一瞬、フライに軽く魔法当ててもらおうかとも思ったけど、もし痛かったら嫌やしやめて正解やろ。
魔法とか何それ、こわー
ウサ公に、腕位なら突撃されても死ぬ事ないやろーし、それで試そっと。
おっとナイフ要るとか、ゆーてたな、ナイフ位なら俺でも振れるやろ金足りるかのぉ
通りを、遠くに見える門の方に向かって歩いてると金槌のマークの看板が見えた。わかりやすいの!

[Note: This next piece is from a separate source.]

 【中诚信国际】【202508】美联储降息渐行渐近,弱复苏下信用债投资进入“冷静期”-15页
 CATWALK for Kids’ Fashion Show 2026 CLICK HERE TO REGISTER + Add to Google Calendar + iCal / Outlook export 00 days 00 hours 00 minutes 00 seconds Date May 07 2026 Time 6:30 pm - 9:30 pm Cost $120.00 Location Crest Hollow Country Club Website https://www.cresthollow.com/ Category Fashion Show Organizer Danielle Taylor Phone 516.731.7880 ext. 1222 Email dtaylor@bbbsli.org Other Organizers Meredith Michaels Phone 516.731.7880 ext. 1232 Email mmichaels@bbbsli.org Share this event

ここは普通の扉やの? スイングドアさんや無いみたい。つまらんのぉ。そのドアを開けると
「ちゃーす。おっちゃんーナイフ欲しいんやけど安いのあるー?」
カウンター向こうに小柄な筋肉質の男、この世界筋肉質な男多すぎへん? みんな筋トレマニアかなんかかな? しんどいわぁ。

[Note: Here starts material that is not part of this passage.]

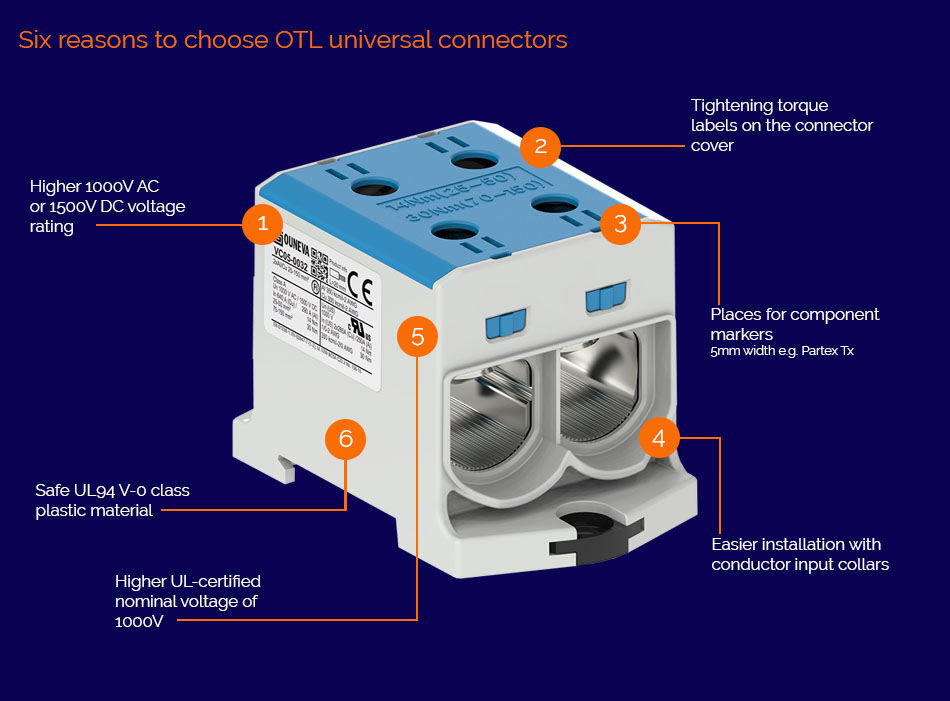 OTL Universal Connectors 2 pole for Al/Cu cables with dimensions 2.5-35mm²

「おう。みない顔だな。ナイフならほれそこに有るのだぞ」
「おっすおらハレオ、Gランク冒険者なんだぞ! よろしくな! 」
「陽気な男だな。ほれ勝手に見ろ」
「へぇーナイフってこんなんなんやなー
実物なんか見た事も、触った事も無かったわ」
「どうした? どんな用途で使うんだ? 」
「えーと、草原に居る、ウサギ倒す用かな? 」
「なぁ? 一つ聞いて良いか? 」
「なんだい、ドワーフっぽい男よ」
「ドワーフっぽいってドワーフなのだが。まぁ良い、それでなぜ上半身裸なんだ? 」
「実はな……理由は無いんだ。
ただ服は高いらしく手持ちじゃ買えそーに無いので裸なだけだ! 」
「そうか。変わったヤツだな。
それならウサギ用のナイフと上着、銀貨二枚で用意しようか? 」
「おぉ、それ位の値段ならマジ助かる、買った! 」
この鍛冶屋、良い人ランキング二位に入りそうな位ええ人やの。
一位? ジルさんだぞ。はよ金貨返さんとあかんのぉー
「ほれ、ナイフはこれ、服はこれだ。ナイフ用の簡単な鞘も付けといてやったぞ」
「あざーす。おお! 服を着るだけで文明人に
なった気分だな! 」
出された服は奴隷が着てそうな服だった。
無いよりマシかと思う事にした。
「ほんじゃ行くわ。鞘まで、ありがとなーまた来るわー」
「おう、じゃあな! 」
店を出て歩けばすぐそこに門が見えた。